Enhancing Breast Cancer Surgery Outcome Prediction Using SHAP-Interpreted XGBoost Model
Overview
A machine learning model using perioperative data was developed to predict adverse postoperative outcomes in breast cancer surgery patients. The XGBoost algorithm demonstrated superior predictive performance, with SHAP analysis identifying systemic immune-inflammation index, prognostic nutritional index, and age as key predictive factors.
Background
Breast cancer remains a leading malignancy among women, with surgery as the primary treatment modality. Despite standardized surgical and adjuvant therapies, patients face significant risks of recurrence and metastasis, which adversely affect prognosis. Traditional statistical methods have limited sensitivity and specificity in predicting individual postoperative outcomes. Machine learning offers enhanced predictive capabilities but is often hindered by interpretability challenges. The SHAP method provides a solution by elucidating feature contributions, enabling clinical interpretability of complex models.
Data Highlights
Model
Internal Validation AUC
External Validation AUC
External Validation Specificity
External Validation F1 Score
XGBoost
0.840
0.780
0.881
0.514
Random Forest
Not specified
Lower than XGBoost
Lower than 0.881
Lower than 0.514
Gradient Boosting Machine
Not specified
Lower than XGBoost
Lower than 0.881
Lower than 0.514
Support Vector Machine
Not specified
Lower than XGBoost
Lower than 0.881
Lower than 0.514
Logistic Regression
Not specified
Lower than XGBoost
Lower than 0.881
Lower than 0.514
Key Findings
The XGBoost model achieved the highest predictive accuracy for adverse postoperative outcomes with an internal validation AUC of 0.840 and external validation AUC of 0.780.

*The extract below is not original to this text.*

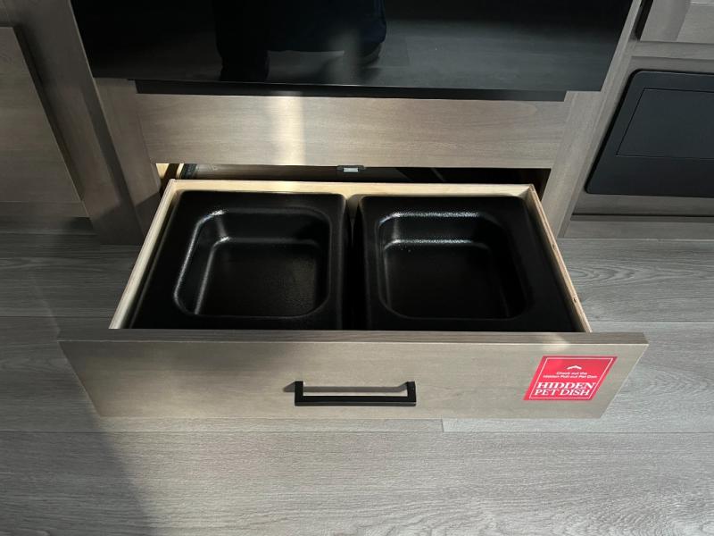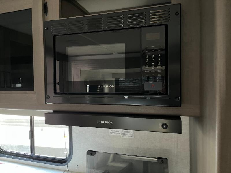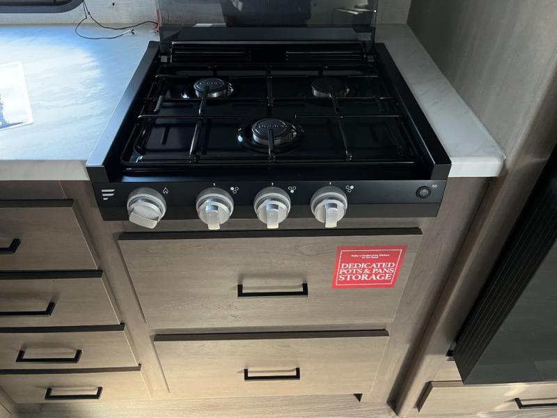 The intuitive kitchen in the Transcend Xplor 305BHT makes meal preparation a joy, whether you’re whipping up breakfast before a day outdoors or cooking dinner for everyone after sunset. Featuring a three-burner cooktop, oven, microwave, spacious refrigerator, and plenty of counter space, this kitchen gives you the tools you need to prepare everything from quick snacks to hearty feasts. With cleverly placed cabinets and drawers, you’ll have room to keep cookware and essentials neatly organized.

In the external validation cohort, XGBoost demonstrated superior specificity (0.881) and F1 score (0.514) compared to other machine learning models.
Calibration curves showed good agreement between predicted probabilities and actual adverse event rates for the XGBoost model.
Decision curve analysis confirmed that the XGBoost model provided the greatest clinical net benefit across most risk thresholds.
SHAP interpretability analysis identified systemic immune-inflammation index (SII), prognostic nutritional index (PNI), and patient age as the top three contributors to the model's predictions.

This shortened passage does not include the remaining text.